With the grant, Clemson is launching Tigers ADVANCE, which is an initiative to build a culture of diversity and inclusiveness. The initiative will include a program to train faculty to recognize biases and will include diverse search committees and more.
The university recently decided to extend the program to non-STEM departments on campus.
“There are clear economic and societal benefits for engaging the talents of people from every demographic. They bring a diversity of ideas and excellence with them,” said Clemson University professor Sez Atamturkter.
Clemson also hired Gill last February to head the university’s Office of Inclusion and Equity and boost minority recruitment and retention numbers of both faculty and staff.
Clements reported on his blog earlier this year that the number of African-American students in the university’s incoming freshman class has increased 25 percent since last year. However, the overall percentage of African-American students this semester is 6.6 percent, according to university data.
Also, the percentage of newly hired African-American, Hispanic or Native American faculty increased from 6.4 percent in 2014 to 16 percent in 2016.

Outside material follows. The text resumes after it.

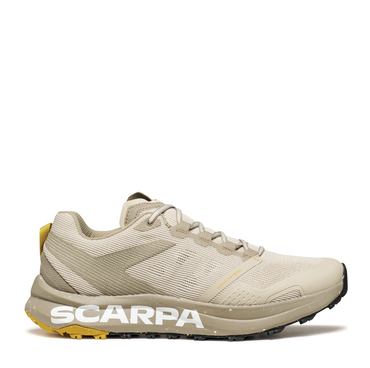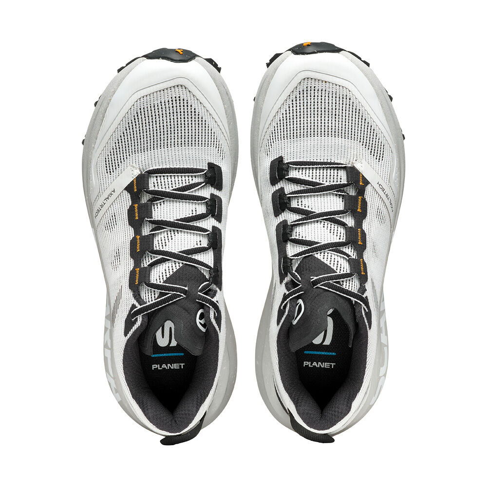 Следващата стъпка в пътуването на Scarpa за устойчиво развитие, SPIN PLANET въвежда нова концепция в категорията Trail Running с горната си част, която е изработена от 100% рециклирани материали, докато EVA междинната подметка е 45% рециклирана, а гумената външна подметка е 30% рециклирана. Идеалните обувки за бегачи, които преследват дълги разстояния по трейл пътеките, благодарение на обема на междинната подметка, предназначен да абсорбира ударите със земята и да осигури защитно омекотяване.

“The work of supporting and sustaining equity and inclusion on a college campus has truly been a calling for me … I know what it feels like to be fortunate enough to find the type of university environment, mentors and role models that challenge and support you to achieve your potential,” Gill said. “That awareness fuels my passion to help students thrive and succeed, and to help universities to create a holistic culture that makes that possible.”